Alex Stone is the author of Fooling Houdini: Magicians, Mentalists, Math Geeks and the Hidden Powers of the Mind. His writing has appeared in DISCOVER, Harper’s, Science, The New York Times, and The Wall Street Journal.
There was a time when people thought of playing cards as cosmic instruments. Fortunes were told, fortunes were lost, and the secrets of the universe unveiled themselves at the turn of a card. These days we know better. And yet, a look at the mathematics of card shuffling reveals some startling insights.
Consider, for instance, the perfect, or “faro” shuffle—whereby the cards are divided exactly in half (top and bottom) and then interleaved so that they alternate exactly.
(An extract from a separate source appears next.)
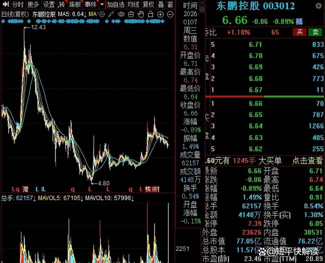 股价大跌,机构、散户均有所减少。二级市场上,东鹏控股股价下滑较为明显,从2023年12.43元/股(前复权,下同)的高点下滑至4.8元/股的低点,随后有所反弹,截至1月7日收盘,股价为6.66元/股,较高点下跌约46%,目前总市值不足百亿元,为77.05亿元,TTM市盈率20.89%,考虑到房地产业现状以及公司收入下滑的情形,估值并不算太低。

Most people think shuffling tends to mix up a deck of cards, and usually that’s true, because a typical shuffle is sloppy. But a perfect shuffle isn’t random at all. Eight consecutive perfect shuffles will bring a 52-card deck back to its original order, with every card in the pack having cycled through a series of predictable permutations back to its starting place. This holds true for any deck, regardless of its size, although eight isn’t always the magic number. If you have 25 cards, it takes 20 shuffles, whereas for 32 cards it only takes 5; for 53 cards, 52 shuffles are needed. You can derive a formula for the relationship between the number of cards in the deck and the number of faro shuffles in one full cycle.